El domingo pasado me encontraba en Alcazarén, donde estaba disfrutando un fin de semana tranquilo y futbolístico junto a mis amigos; me levanté tarde y sin muchas ganas de correr, pues había trasnochado un poco el día anterior y cuando miré por la ventana de la cocina me percaté que la niebla envolvía las tapias de mi patio; como mola, me dije, hoy voy a correr entre la niebla. Hacía frío, pero no me importaba, siempre me ha gustado la niebla, desde pequeño y caminar o correr en esas circunstancias, siempre ha sido una experiencia agradable.

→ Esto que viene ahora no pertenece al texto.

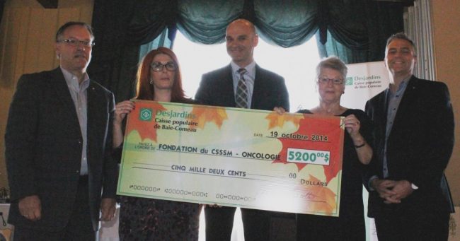 Télécharger le communiqué en fichier PDF Communiqué – 2014-10-22. Baie-Comeau, le 22 octobre 2014 – Le 19 octobre dernier, une centaine de membres et d’employés de la Caisse Populaire Desjardins de Baie-Comeau, ainsi que des gens d’affaires et citoyens de la région, étaient réunis pour un brunch bénéfice sous la présidence d’honneur du Dr Nicolas…
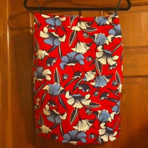 J Crew Pencil Skirt Size 0: Red/Blue Floral
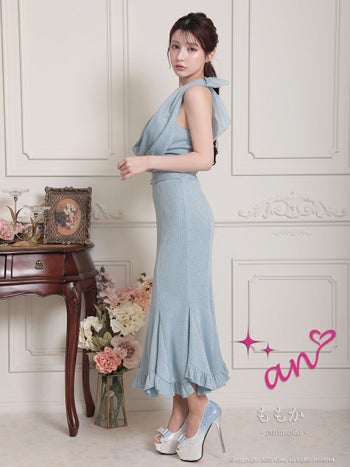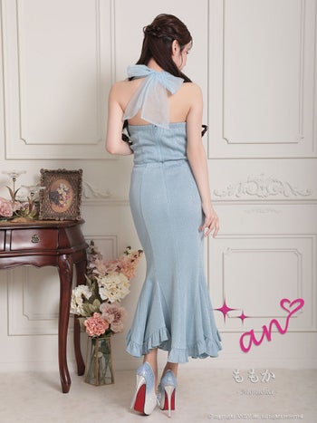 キャバドレス マーメイドロングドレス an アン セットアップ ホルターネック ラインストーン ワンカラー バックリボン ジップデザイン
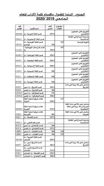 للتحويل بين أقسام كلية الآداب اضغط هنا
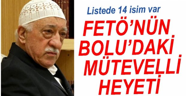 Bolu’da Fetullahçı Terör Örgütü’nün mütevelli heyeti tespit edildi. Savcının hazırladığı iddianamede 14 kişi yer aldı. Örgütün Bolu'daki para trafiğini firari işadamı Adnan Daylan'ın yönettiği iddianamede yer aldı.
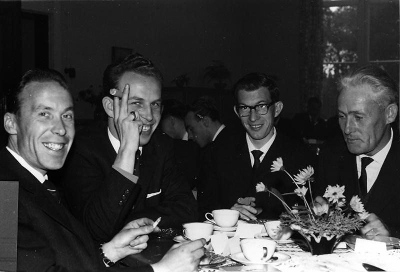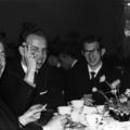 Kerk en religie | Na afloop van de steenlegging en inwijding van de Fatimakerk was er een receptie voor genodigden in Bondshotel café restaurant "De Beurs" in Roermond. Van links naar rechts: Wiel Levels, Frans Snellen. | Markt 25 | Roermond | 13-10-1963 | 1963 | |||
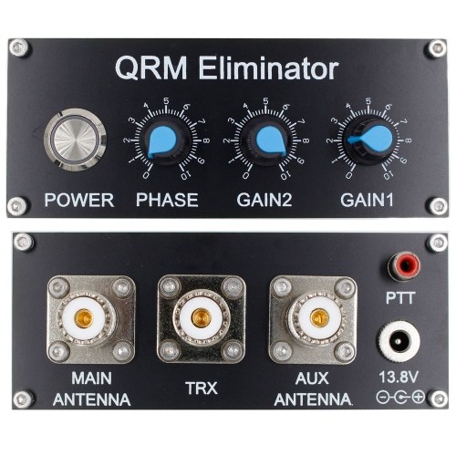 QRM canceller is inserted from the into the feed line of the antenna without any other modifications to the radio. The box has built-in PTT controls, allowing the eliminator to stay connected during transfer. However, an additional auxiliary receiving antenna is required, such as a 2m antenna or just a few meters of wire in the shed. The two antennas pick up unwanted signals, causing them to be out of phase. The QRM canceller now allows adjustment of the phase angle as well as amplification to cancel unwanted signals before they reach the receiver front end.
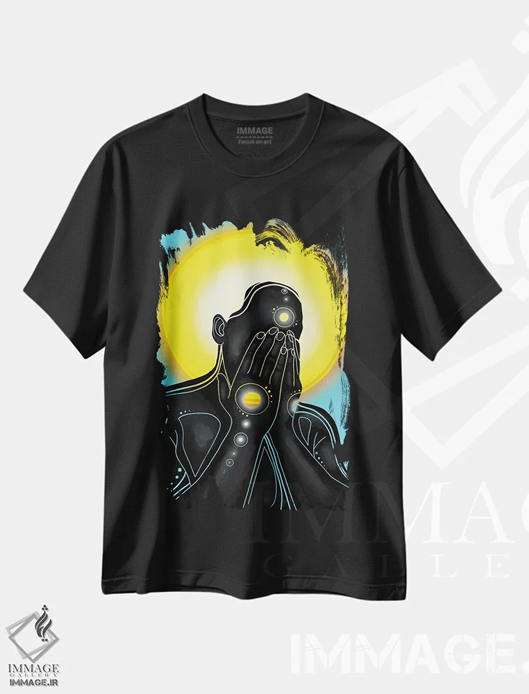تیشرت مشکی طرح دار "درخشش"، هنر آمریکایی آفریقایی تبار اثر نیدیا دراز | فروشگاه ایماژ تیشرت طرح دار "درخشش" اثر نیدیا دراز
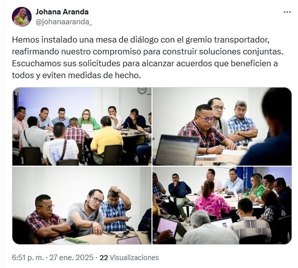 En su cuenta de X, la Alcaldesa Aranda compartió: “seguimos avanzando en la mesa de trabajo con el gremio transportador, reafirmando nuestro compromiso con el diálogo. Agradecemos el acompañamiento de la Procuraduría y la Defensoría del Pueblo, cuya presencia garantiza transparencia y equilibrio en este proceso”.
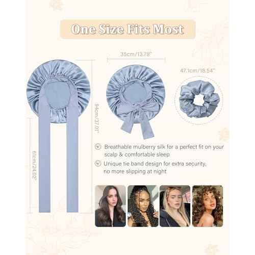 100% Mulberry Silk Bonnet for Women Hair Bonnet for Sleeping with Hair Scrunchy Elastic Tie Band Night Cap
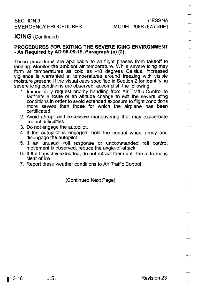 PROCEDURES FOR EXITING THE SEVERE ICING ENVIRONMENT

Me puse unas mallas largas, doble camiseta, buff, guantes, gorro y... adelante. La temperatura rondaba los cero grados y aunque mis prendas no eran las más "cálidas" que tengo, el frío fue aminorando progresivamente cuando comencé a correr. Como suelo hacer en Alcazarén, me aventuré por un camino que se dirige hacia Megeces entre tierras de cultivo y pinares; a medida que avanzaba la niebla me envolvía y a pesar de que conozco a la perfección esa ruta, tenía la sensación de correr hacía un destino desconocido. El paisaje era mágico, la cizalla se había depositado en las plantas que flanquean el camino y en las copas de los pinos y todo parecía sacado de un cuento, eso si, un cuento que se desarrolla en la estepa rusa.
Rodé durante hora y cuarto a un ritmo muy alto, quizás animado por las sensaciones que me envolvían; la niebla, el frío en la cara, el blanco de la cizalla y el silencio de esos pinares que me permitían escuchar el sonido de mis pasos y de mi respiración; decidí aderezarlo con unas piezas operísticas que llevo en mi ipod y todo resulto perfecto; en momentos como los que experimenté el pasado domingo, me doy cuenta que soy un gran afortunado por ser corredor y por disfrutar de la naturaleza de manera distinta a otros mortales. ¿O quizás los runners somos inmortales?